(Stored items from a collection)
------------------------
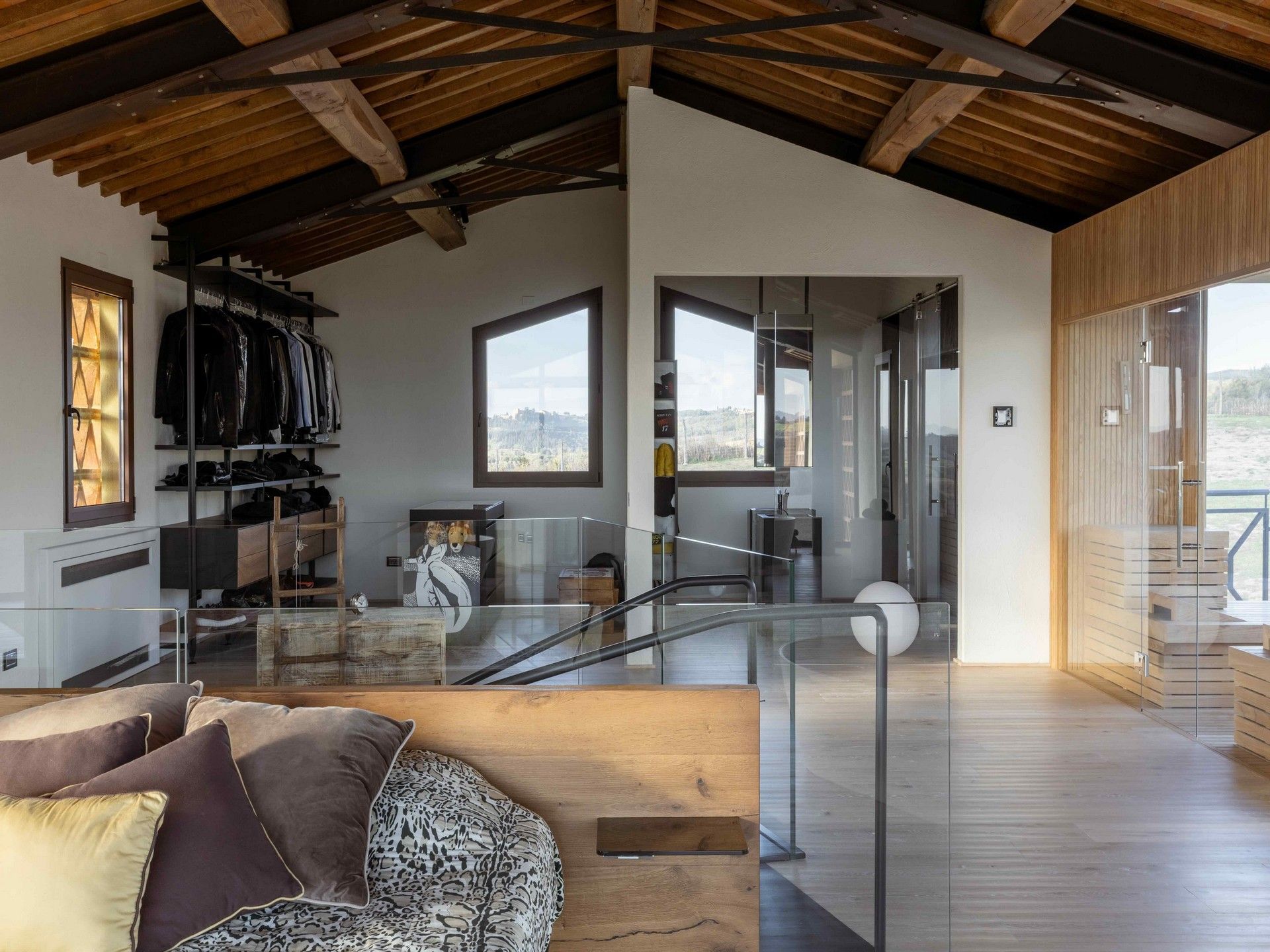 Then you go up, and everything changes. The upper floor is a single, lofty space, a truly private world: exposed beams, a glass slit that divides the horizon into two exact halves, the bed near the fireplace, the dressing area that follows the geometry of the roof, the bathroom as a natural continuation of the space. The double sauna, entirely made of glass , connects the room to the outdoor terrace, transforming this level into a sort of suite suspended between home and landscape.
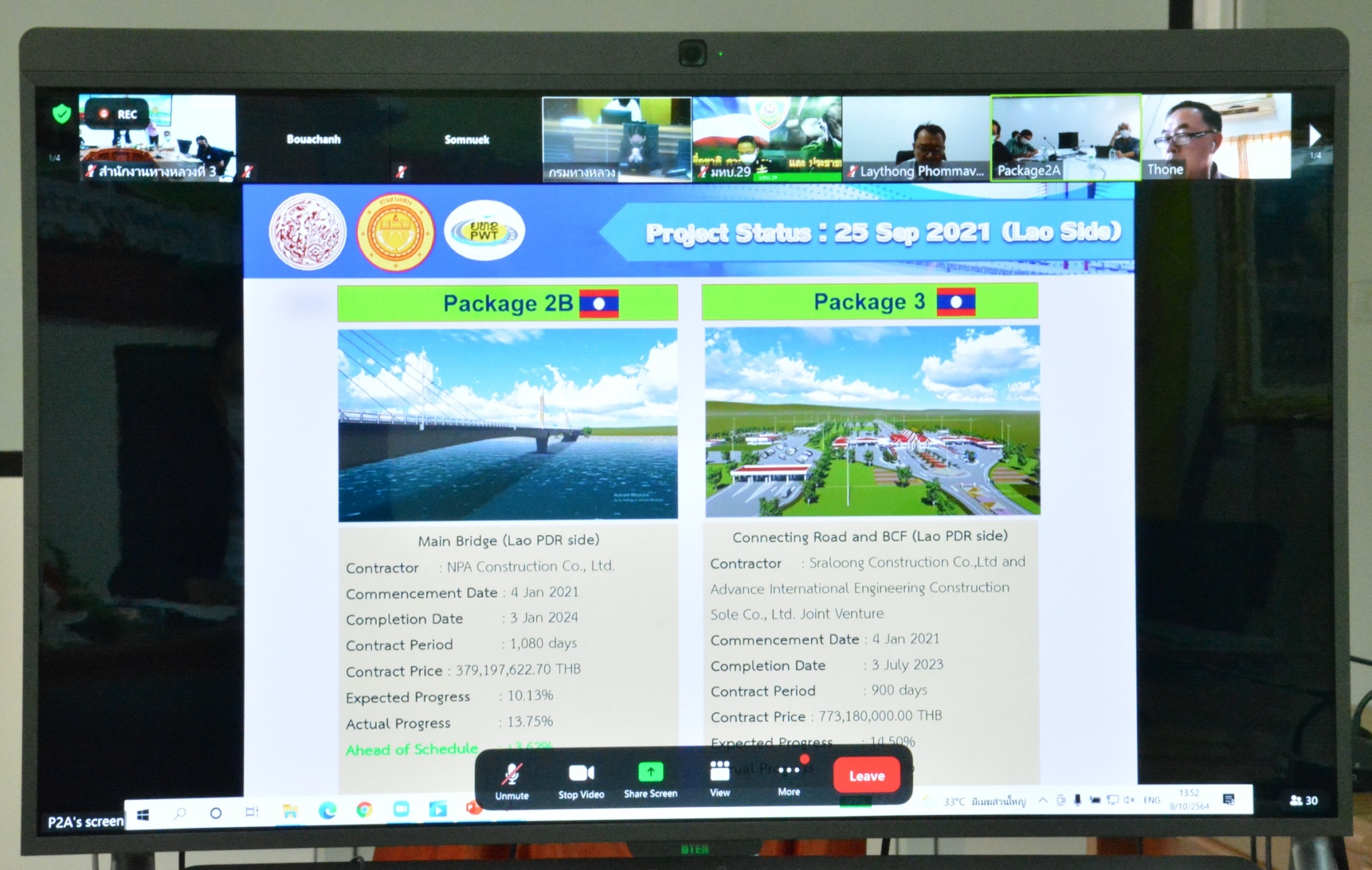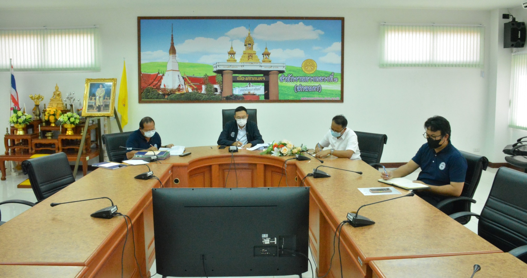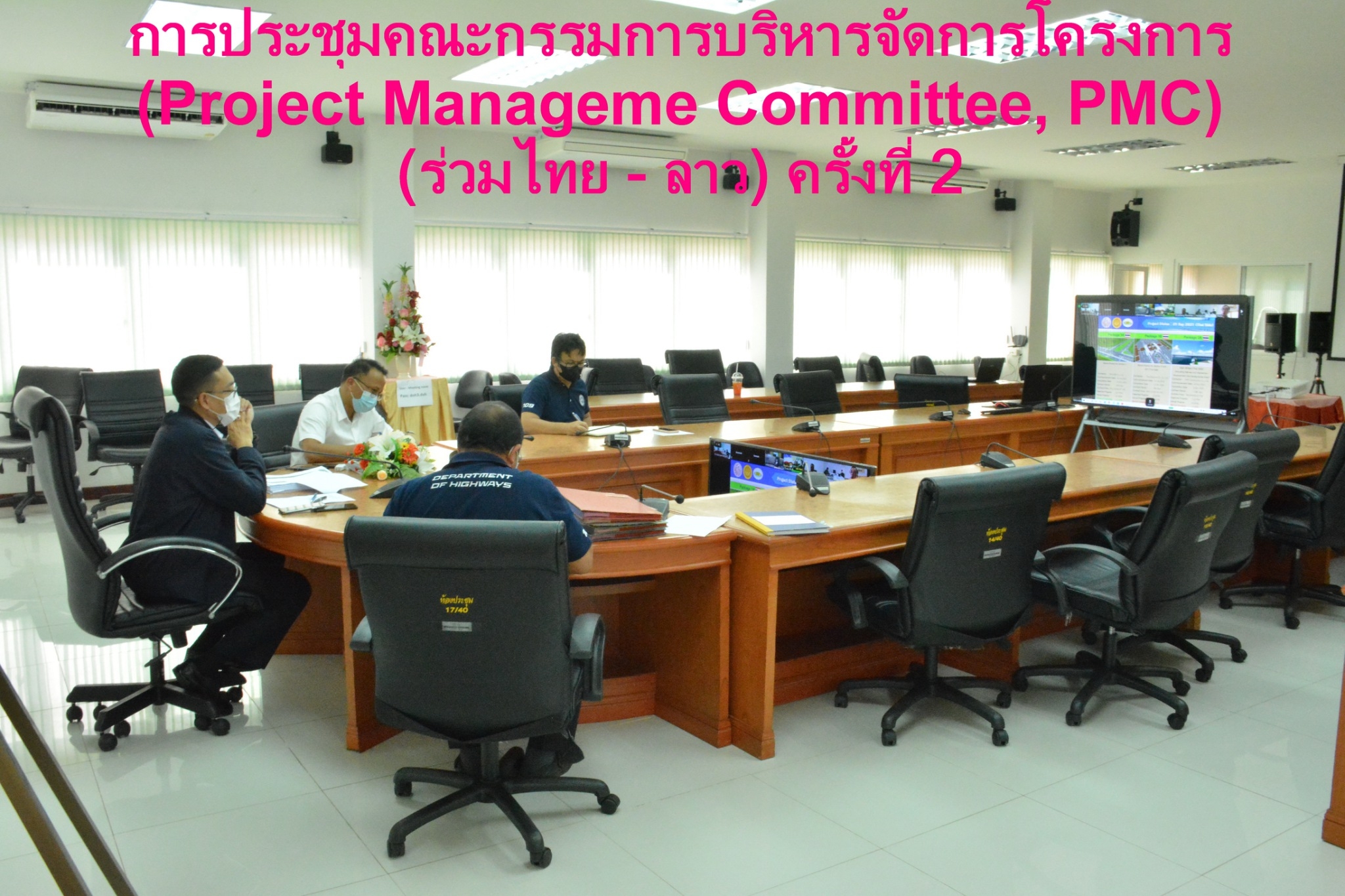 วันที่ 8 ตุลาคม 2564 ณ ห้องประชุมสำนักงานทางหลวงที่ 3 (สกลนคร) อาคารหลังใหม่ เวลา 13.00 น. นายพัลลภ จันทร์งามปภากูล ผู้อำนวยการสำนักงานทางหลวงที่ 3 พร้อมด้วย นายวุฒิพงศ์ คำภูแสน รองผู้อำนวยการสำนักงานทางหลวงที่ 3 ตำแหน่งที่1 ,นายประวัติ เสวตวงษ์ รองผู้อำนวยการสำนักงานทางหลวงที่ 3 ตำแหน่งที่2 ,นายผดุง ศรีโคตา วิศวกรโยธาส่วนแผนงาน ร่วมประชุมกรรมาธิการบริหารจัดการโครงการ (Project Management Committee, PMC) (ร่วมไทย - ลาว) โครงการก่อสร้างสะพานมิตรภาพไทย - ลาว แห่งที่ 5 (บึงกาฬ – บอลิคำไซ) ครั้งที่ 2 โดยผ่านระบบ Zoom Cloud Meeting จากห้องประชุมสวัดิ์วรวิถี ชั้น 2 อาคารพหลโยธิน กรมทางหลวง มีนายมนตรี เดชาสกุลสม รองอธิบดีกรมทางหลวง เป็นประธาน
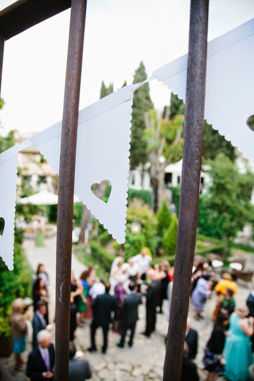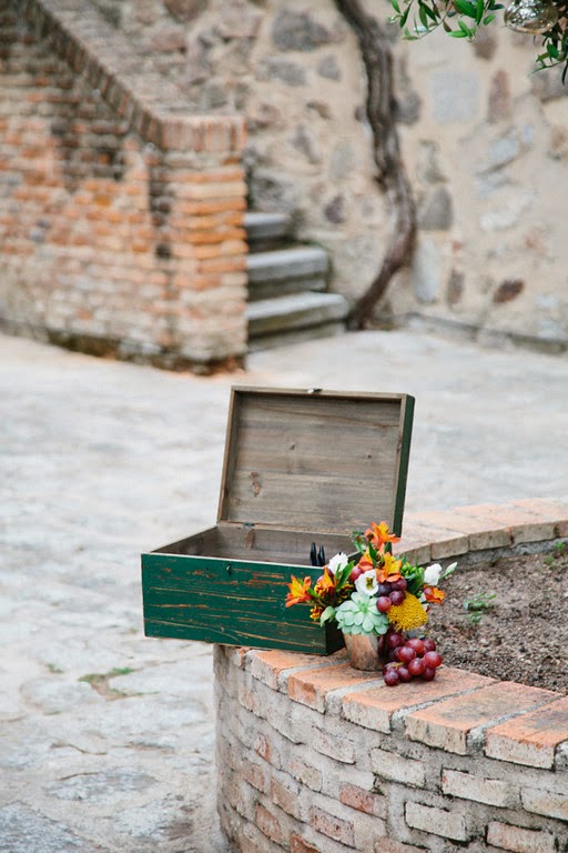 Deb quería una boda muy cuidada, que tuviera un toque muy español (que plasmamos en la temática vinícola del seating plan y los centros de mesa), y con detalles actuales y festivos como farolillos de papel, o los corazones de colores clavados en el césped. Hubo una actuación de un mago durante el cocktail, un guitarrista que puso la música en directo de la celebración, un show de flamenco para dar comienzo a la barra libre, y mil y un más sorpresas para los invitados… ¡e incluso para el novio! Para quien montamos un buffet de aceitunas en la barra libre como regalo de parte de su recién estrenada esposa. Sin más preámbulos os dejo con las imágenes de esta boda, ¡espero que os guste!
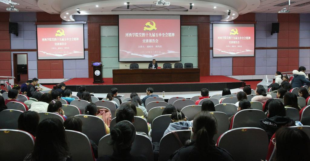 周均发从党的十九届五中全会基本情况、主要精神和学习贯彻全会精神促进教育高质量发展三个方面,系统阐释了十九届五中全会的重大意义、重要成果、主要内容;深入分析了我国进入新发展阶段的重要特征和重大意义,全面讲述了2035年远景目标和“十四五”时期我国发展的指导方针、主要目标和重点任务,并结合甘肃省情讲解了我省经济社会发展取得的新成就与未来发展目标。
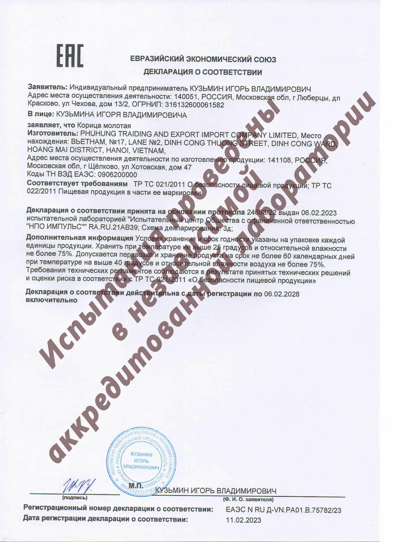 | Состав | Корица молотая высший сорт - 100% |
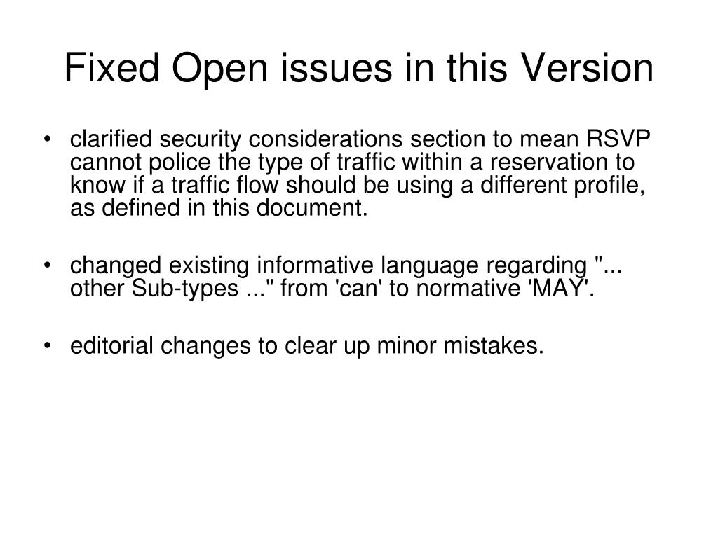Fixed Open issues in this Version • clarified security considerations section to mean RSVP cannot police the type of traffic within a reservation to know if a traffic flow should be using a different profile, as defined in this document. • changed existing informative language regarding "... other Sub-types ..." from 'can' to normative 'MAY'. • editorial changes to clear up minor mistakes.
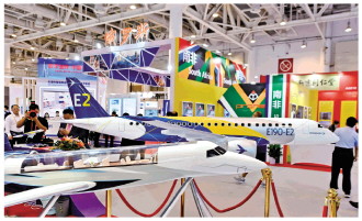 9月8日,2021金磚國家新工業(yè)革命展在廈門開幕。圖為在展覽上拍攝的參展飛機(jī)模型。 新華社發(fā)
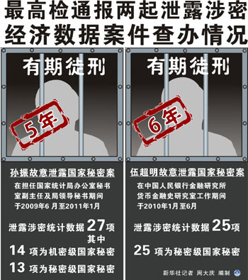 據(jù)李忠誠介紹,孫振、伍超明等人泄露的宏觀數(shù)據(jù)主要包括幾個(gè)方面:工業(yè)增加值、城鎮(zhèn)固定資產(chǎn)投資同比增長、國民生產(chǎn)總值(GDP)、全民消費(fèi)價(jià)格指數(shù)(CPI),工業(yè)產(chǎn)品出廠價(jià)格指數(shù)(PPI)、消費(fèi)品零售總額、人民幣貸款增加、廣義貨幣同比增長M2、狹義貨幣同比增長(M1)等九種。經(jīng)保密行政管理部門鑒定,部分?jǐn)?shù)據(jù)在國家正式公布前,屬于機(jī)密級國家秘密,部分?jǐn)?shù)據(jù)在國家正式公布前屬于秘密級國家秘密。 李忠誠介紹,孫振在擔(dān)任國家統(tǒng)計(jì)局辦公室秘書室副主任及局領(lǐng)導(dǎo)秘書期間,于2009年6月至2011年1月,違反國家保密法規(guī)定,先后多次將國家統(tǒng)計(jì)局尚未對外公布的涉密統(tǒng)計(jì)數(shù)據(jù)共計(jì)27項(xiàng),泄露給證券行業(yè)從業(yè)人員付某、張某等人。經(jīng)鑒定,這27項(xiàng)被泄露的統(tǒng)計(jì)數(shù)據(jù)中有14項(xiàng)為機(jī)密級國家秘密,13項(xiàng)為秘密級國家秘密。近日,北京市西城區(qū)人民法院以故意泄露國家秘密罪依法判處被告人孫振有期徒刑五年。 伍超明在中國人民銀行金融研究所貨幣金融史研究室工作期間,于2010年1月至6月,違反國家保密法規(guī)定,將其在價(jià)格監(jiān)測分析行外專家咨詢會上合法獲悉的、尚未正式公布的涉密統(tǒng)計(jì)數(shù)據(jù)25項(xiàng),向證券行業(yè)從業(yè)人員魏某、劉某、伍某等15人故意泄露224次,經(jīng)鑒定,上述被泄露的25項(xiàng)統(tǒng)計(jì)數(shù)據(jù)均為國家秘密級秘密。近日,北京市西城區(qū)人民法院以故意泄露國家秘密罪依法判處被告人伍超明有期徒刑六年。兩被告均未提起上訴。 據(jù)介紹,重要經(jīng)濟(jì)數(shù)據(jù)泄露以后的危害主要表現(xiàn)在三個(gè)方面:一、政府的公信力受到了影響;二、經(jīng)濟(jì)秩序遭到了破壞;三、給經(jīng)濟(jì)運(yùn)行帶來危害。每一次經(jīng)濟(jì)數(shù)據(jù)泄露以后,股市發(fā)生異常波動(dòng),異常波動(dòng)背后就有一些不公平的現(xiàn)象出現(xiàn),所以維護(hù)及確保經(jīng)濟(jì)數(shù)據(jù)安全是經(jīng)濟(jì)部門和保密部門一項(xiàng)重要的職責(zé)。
------------------------
• [WHAT NEEDS TO BE DONE]
Your reply should consist solely of the lines above from the line containing "Fixed Open issues" up to and including the line containing "9月8日,2021金磚國家新", reproduced exactly, minus the pictures.

• [RESPONSE]
Fixed Open issues in this Version • clarified security considerations section to mean RSVP cannot police the type of traffic within a reservation to know if a traffic flow should be using a different profile, as defined in this document. • changed existing informative language regarding "... other Sub-types ..." from 'can' to normative 'MAY'. • editorial changes to clear up minor mistakes.
 9月8日,2021金磚國家新工業(yè)革命展在廈門開幕。圖為在展覽上拍攝的參展飛機(jī)模型。 新華社發(fā)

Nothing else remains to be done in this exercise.